Толечка оказался прав. Без закуски действительно хватило. Даже половины. Не прошло и пяти минут, как мы «поплыли», а мир не просто потеплел — мир прямо-таки закачался.
— Летим! — заблажил Пронин. — Самум к городу, а мы от него!.. — раскинув руки, он засеменил по асфальтовой дорожке, словно по зыбкой паутинке каната. Я поневоле залюбовался им. Несмотря на разгильдяйский вид, Толик безусловно принадлежал к категории щеголей. Щегольство ведь вещь условная. С одинаковым успехом можно щеголять «Мерседесом» на улице и проездным билетом в трамвае. И то и другое вполне оценят. К щеголеватым людям я вообще отношусь с симпатией. Все равно как к декоративным птичкам или рыбкам. Они украшают этот мир, как могут. Потому что молятся красоте. Я в нее тоже верую. И Толик верует. Да ему и нельзя не веровать. Он не выше метра шестидесяти и ровно половина женщин взирает на него свысока. В этом кроется один из парадоксов природы. Ущемленные люди досконально разбираются в том, в чем ущемлены и обижены. Как герань за стеклом они тщетно тянутся к солнцу, изощряясь в бесконечных поисках, доходя до удивительной виртуозности. Присмотритесь к малорослым и удивитесь. Изящества в них на порядок больше, чем в длинноногих и великаноподобных. Чувство независимости и осознания собственного достоинства — вот, что умудряются они втиснуть в свою неказистую осанку. И успех, как говорится, налицо. В отличие от сутулящихся верзил они прямы и свободны. А если стоят, то только в императорских позах — горделиво отставив ножку, если шагают, то вальяжно и неторопливо. Вероятно, жизнь к ним не столь великодушна, зато и обучает большему.

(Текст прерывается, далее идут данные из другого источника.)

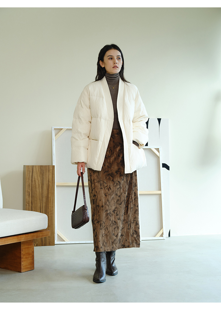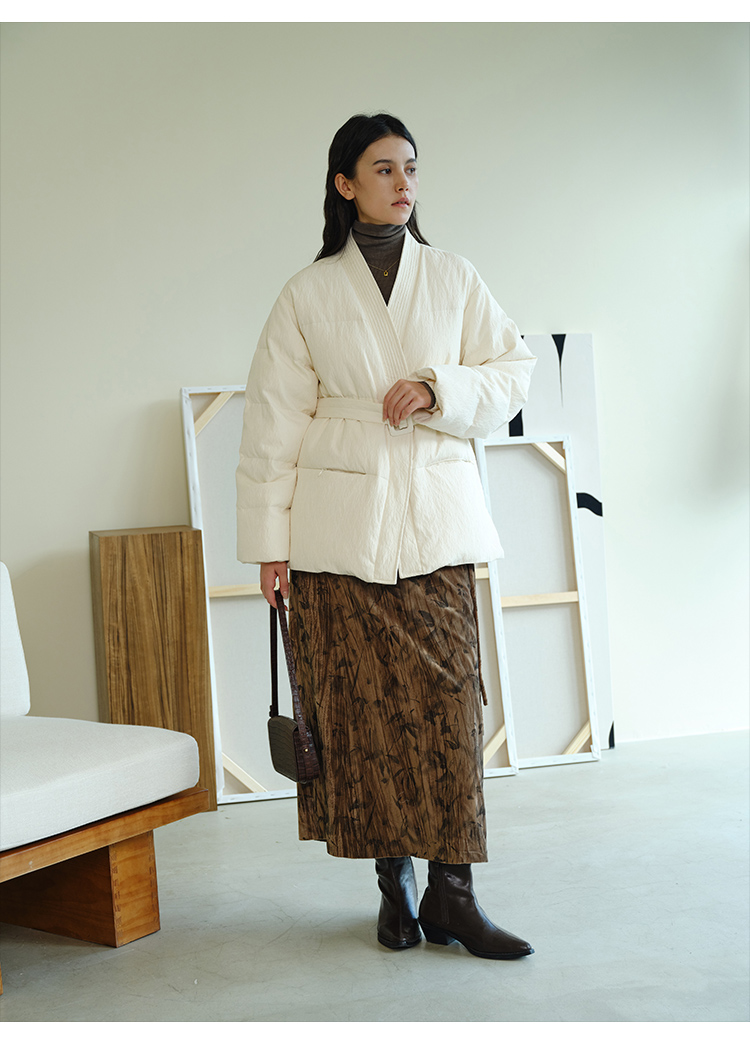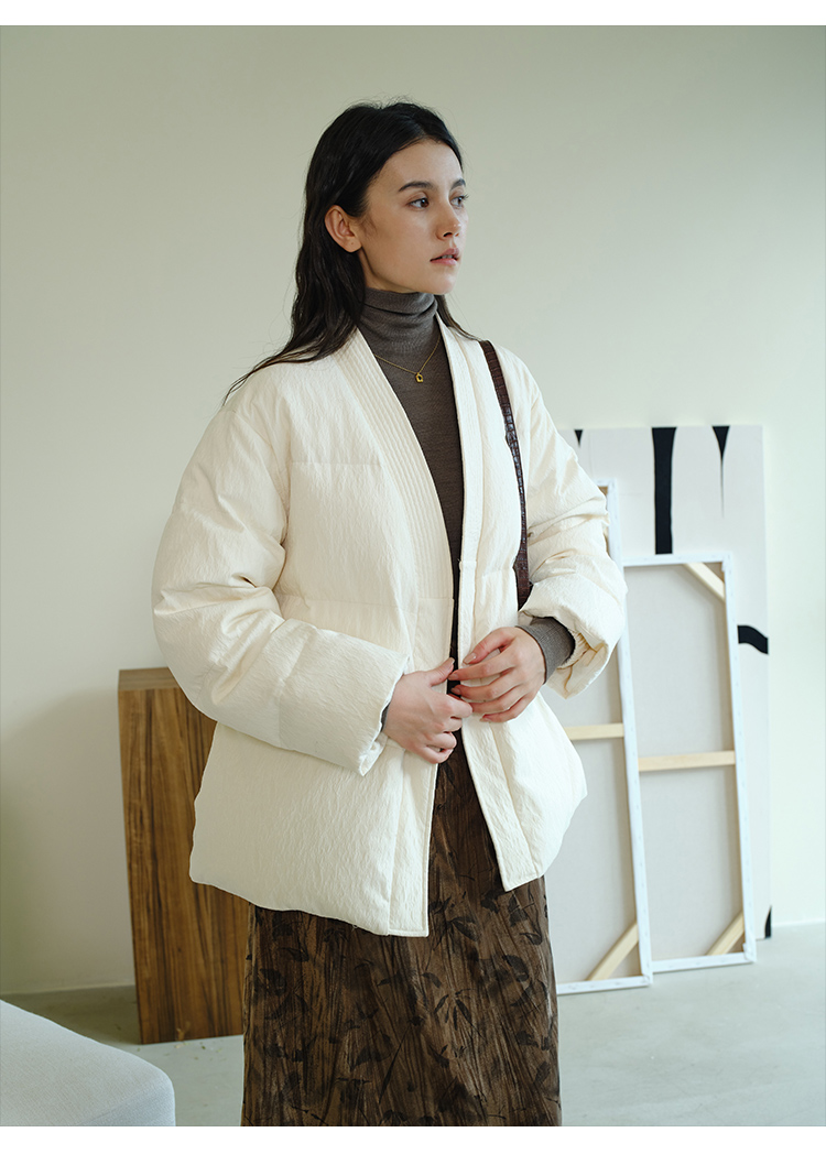 HeyDress新中式暗纹羽绒服女秋冬宽松设计感90白鸭绒保暖上衣外套

Чувствуя, что в голове расцветают индийские сады, и павлины, выйдя на лужайку, начинают расправлять свои цветочные веера, я что-то выкрикнул и осторожно, стараясь не горбиться, тронулся следом за Толиком. И в точности как он распахнул руки. Я тоже хотел казаться щеголеватым и красивым. Кажется, какому-то грузовику пришлось нас объехать. Мы его почти не заметили.
— А вообще-то к пассиву я отношусь не-га-тивно! — Толечка по-птичьи замахал руками, но взлететь не сумел. — Ну не нра он мне и все. Жить надо ак-тив-но! С любопытством и интересом!.. — он заскакал на одной ножке, как девочка, играющая в классики. — То есть, звоню я, скажем, даме и приглашаю в кафе. Скажем, в наш отечественный «Исе Креам». Само собой, она говорит «да» и начинает собираться. А не позвоню, — не будет ни «да», ни «нет». Вообще ничего не будет.
— Может быть, она будет ждать?
— Возможно! А возможно, и не будет. Я вообще не знаю, ждут ли они когда-нибудь. Скорее, живут, как живется, а уж потом называют это ожиданием… Но речь в общем-то о другом. О том, что она мне не желает звонить. Я звоню, а она, видите ли, нет.